20 Mai Le Poetry Club : la nouvelle vague pop de la poésie
Qui a décrété que la poésie prenait la poussière, coincée entre les livres jaunis de nos années d’école et quelques boules de naphtaline ? Qui a osé dire que les jeunes n’avaient plus rien à dire et que les poètes ne pouvaient pas devenir les prochaines icônes de la pop culture ?
Après David Bowie, Patti Smith et Lady Gaga : une relève inattendue est peut-être là. Elle envahit les réseaux, elle monte sur scène et elle claque des vers, électriques.

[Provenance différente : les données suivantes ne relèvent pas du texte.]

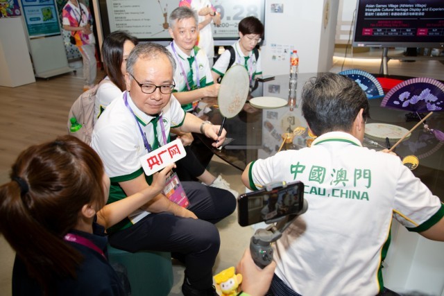 央广网记者采访来文化屋体验的中国澳门代表团成员。
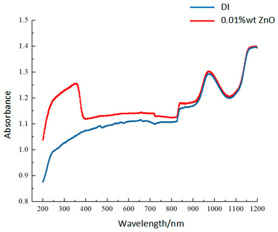 Compared with DI (deionized water), the absorbance of the resulting ZnO nanofluid in the visible light range of 400–800 nm showed the same trend with wavelength, and the degree of attenuation was within 0.1, as illustrated in Figure 3. This means that the absorption of solar radiation in the visible wavelength range of ZnO nanoparticles is not much different from that of DI, which can ensure that the irradiation in the effective wavelength range beneficial to the power generation of PV panels can be irradiated to the surface of PV panels through the fluid. The visible ZnO nanofluid has an obvious absorption peak of around 380 nm. Still, it maintains an absorption value of about 1.25 between 230 and 380 nm, indicating a strong absorption effect on UV light in this wavelength band.
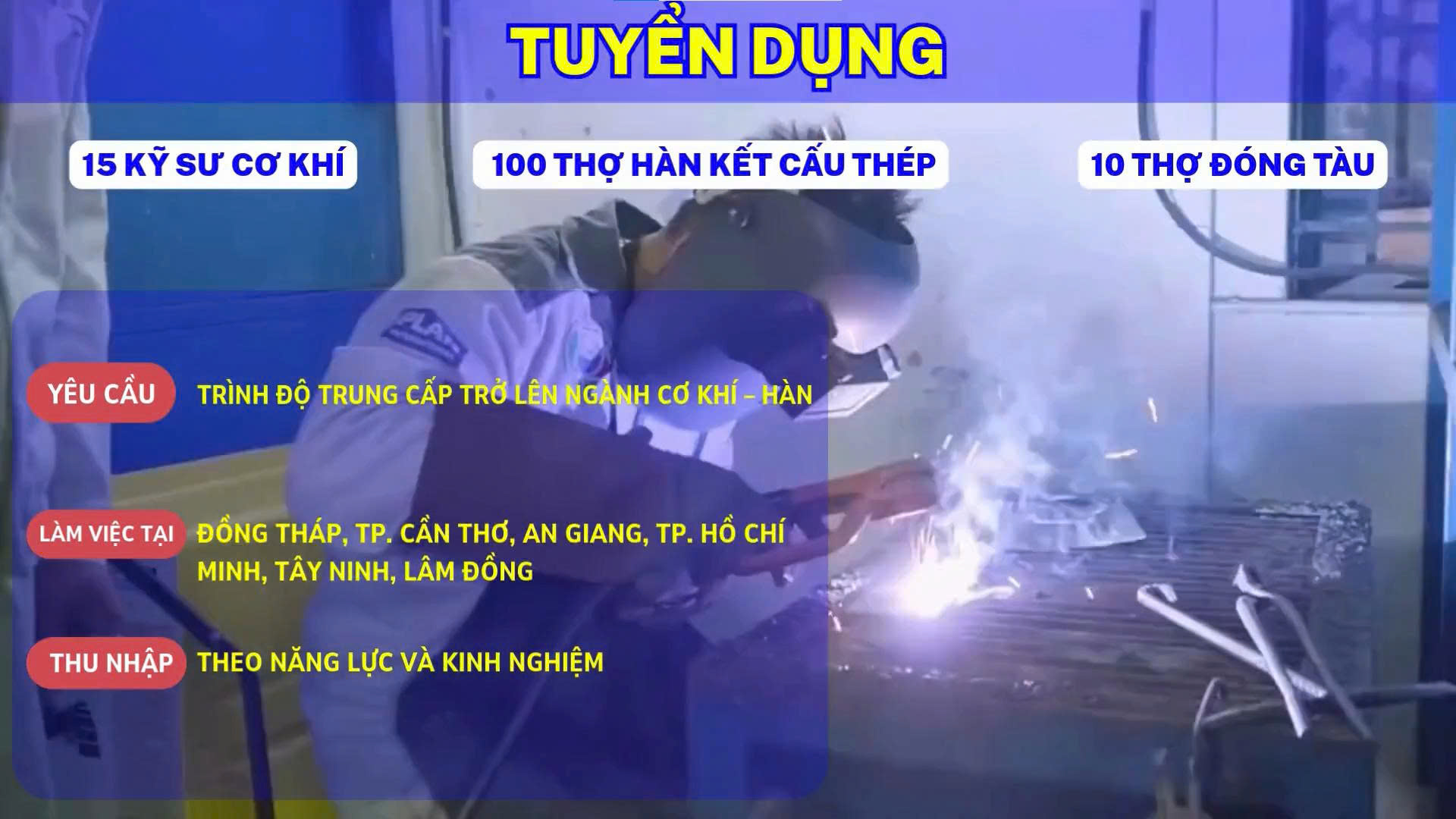 Đồng Tháp, TP. Cần Thơ, An Giang, TP. Hồ Chí Minh, Tây Ninh, Lâm Đồng – Cần tuyển 15 Kỹ sư cơ khí; 100 Thợ hàn kết cấu thép; 10 Thợ đóng tàu
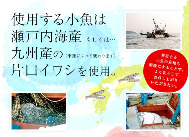 当店の小魚は国産(瀬戸内海・九州産)体長が4〜7cmのものを使用しております。
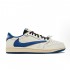 화이트 가죽 어퍼와 블루 포인트가 조화를 이루며, 독창적인 라이트닝 그래픽과 Travis Scott 특유의 리버스 스우시 디테일이 적용되어 유니크한 디자인을 완성했습니다.
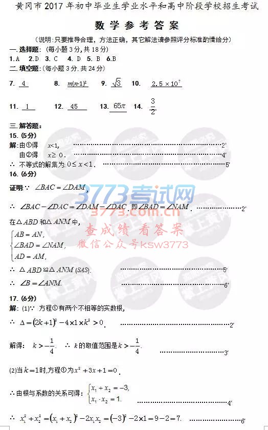 精英中考网消息:2017年湖北省黄冈市中考已经结束,很快又将一批新的初三考生即将参加2018中考,为了帮助广大师生更好的备考,小编收集整理了2017黄冈中考各科试题及参考答案,供广大考生参考,下面是2017黄冈中考数学试题试卷及答案
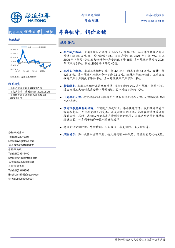 【海通证券】【20220724】20220724-海通证券-钢铁行业周报:库存快降,钢价企稳-12页
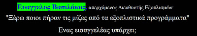 Σήμερα κατά τη διάρκεια της παράδοσης καθηκόντων στον νέο γενικό διευθυντή εξοπλισμών Δημήτρη Γεωργιόπουλο, ο Ε. Βασιλάκος, είπε: – «Δέχτηκα απειλές αλλά δεν υπέκυψα. Διάφοροι αλητήριοι παρασιτούντες με λοιδώρησαν με αισχρό τρόπο. Δεν ενέδωσα, δεν τα πήρα».

Rencontre avec Hadrien, l’un des fondateurs du Poetry Club. La nouvelle vague, il ne l’a pas seulement vue venir, il surfe dessus bien décidé à la transformer en une déferlante qui va inonder l’espace public d’une poésie moderne, vivifiante et incarnée.
Un vent de fraîcheur est venu secouer la cosmogonie poétique. Mise en orbite.
Ça va balancer du son et de la poésie
Je rentre dans la Rotonde Stalingrad, l’un des repères parisiens pour les amoureux d’expériences artistiques et éclectiques niché au bord du canal de l’Ourcq. Les techniciens du lieu s’affairent, tirent des câbles électriques, préparent le bar, poussent des flight-cases, installent la table de mixage et les platines. Le tout avec l’aisance et la fluidité d’une mécanique horlogère, rôdée et bien huilée.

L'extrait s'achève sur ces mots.